Side-chain Charge Effect Is Less Prominent at High Cl−Concentrations
One potential mechanism of the charge effect on the channel conductance is a simple surface charge mechanism—that is, the charge increases the conductance by raising the local concentration of permeant ions in the mouth of the pore (Green and Andersen, 1991). To be consistent with such a surface-charge mechanism, however, two phenomena must be fulfilled. First, the effect of the charge on the conductance is more pronounced at low concentrations of permeant ions and is attenuated at high permeant ion concentrations. Second, the charge effect should be screened in a high ionic strength condition, for example, in the presence of high concentrations of nonpermeant ions (Green and Andersen, 1991; Hille, 2001). To examine these two criteria, we first recorded WT and mutant channels at various internal Cl− concentrations ([Cl−]i). Fig. 4 shows representative current traces for the K519, K519C, and K519E channels recorded at −110 mV. For all three channels, the single-channel current is increased with [Cl−]i, but the concentration ranges in which the current amplitude steeply rises are different among these channels. For the K519 channel, the increase occurs mostly at 120–600 mM; for K519C and K519E mutants, it occurs at all concentrations of [Cl−]i. Even between 1,200 and 2,400 mM, there is still a large increase in the single-channel current in these two mutant channels.

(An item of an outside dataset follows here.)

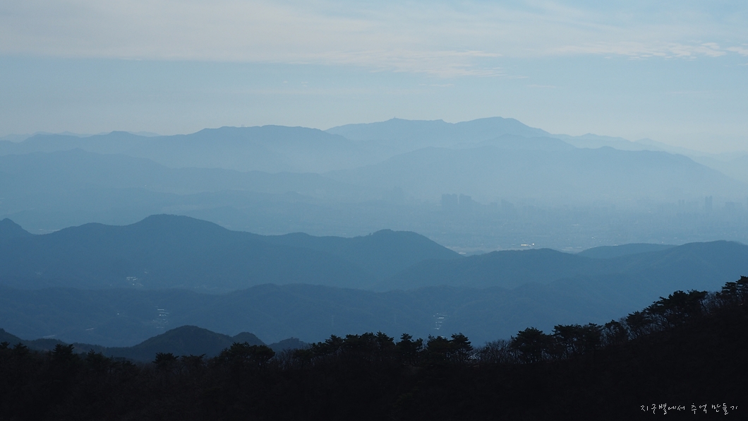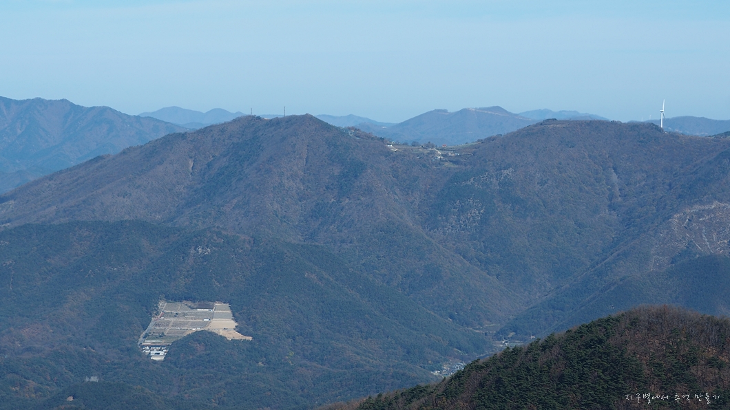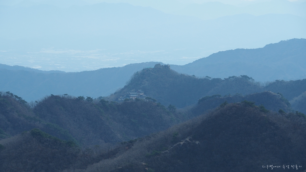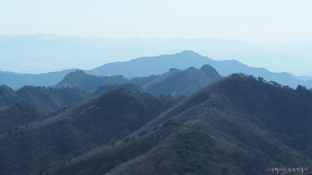 북쪽으로는 크게 이름이 있는 산들은 보이지 않는데 금성산과 비봉산은 알아보겠네요.(좌중앙 뒤)

The recordings of these three channels at various [Cl−]i were also examined at different voltages. The averaged single-channel i-V curves are shown in Fig. 5 A. When only the inward current (outward Cl− movement) is considered, the i-V curves are quite linear for all three channels, but the slopes of the curves for K519C and K519E mutants are significantly smaller than those of the WT K519 channel at any given [Cl−]i (Fig. 5 A). To estimate the single-channel conductance, we fit the data points from −50 to −110 mV to a straight line. Fig. 5 B plots the conductance of these channels as a function of internal Cl− activity. In the K519 channel, the slope conductance of the channel saturates to a value of ∼14.7 pS, and the half-saturating Cl− activity is ∼59 mM. In K519C, the maximum conductance for this mutant is similar to that of the K519 channel: ∼15.7 pS. However, the Cl− activity at the half-maximal conductance is significantly increased to ∼534 mM. For the K519E mutant, the four data points are not reasonably well fitted to a single Michaelis-Menten type equation. However, it is apparent that the conductance recorded at the highest concentration (2,400 mM) approaches the maximal conductance of the K519 and K519C channels. To estimate the half-saturating Cl− concentration, we force the maximal conductance of the K519E mutant to be 15 pS, and the fitted half-saturating Cl− activity is ∼1,444 mM.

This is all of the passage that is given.